Jedenfalls bleibt man auch beim vierten Fall des Pariser Untersuchungsrichters Jacques Ricou wieder dran und liest schon mal das eine oder andere Stündchen länger in die Nacht hinein. Schließlich ist Das achte Paradies Ricous persönlichster Fall, denn das Model Gina, die Cousine seiner Freundin Margaux, verschwindet. So kommt es, dass nicht nur Ricou unter Hochdruck ermittelt, sondern auch Margaux mit journalistischem Spürsinn in so manches Wespennest sticht. Da eines dieser Nester die georgische Mafia zu sein scheint und dem smarten Untersuchungsrichter dann auch aus dem Umkreis des Präsidenten Steine in den Weg gelegt werden, ist die Gefahr groß und das Verbrechen größer als ein verschwundenes Model.
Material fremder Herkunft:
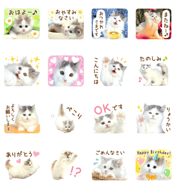 スコティッシュフォールド×ノルウェージャンのかわいいMIX猫スタンプが登場です♪

Sorgfältigste Recherche (Paris oder Berlin: literarische Spaziergänge Wickertscher Art), dreidimensional herausgearbeitete Charaktere und ein atmosphärischer Erzählstil erschaffen wieder einmal einen verlässlichen Lesegenuss à la Wickert. Das achte Paradies ist dabei in den schönen Momenten leicht und schmackhaft wie Croissant und Milchkaffe am Morgen und im Blut- und Action-Teil des Falles scharf und wirkungsvoll wie russischer Wodka.
Herr Wickert, Sie haben wieder einmal alles richtig gemacht und vor allem spannend.
Da verzeihen wir Ihnen gern, dass Sie uns zusammen mit Jacques Ricou ein paar Stündchen Schlaf rauben.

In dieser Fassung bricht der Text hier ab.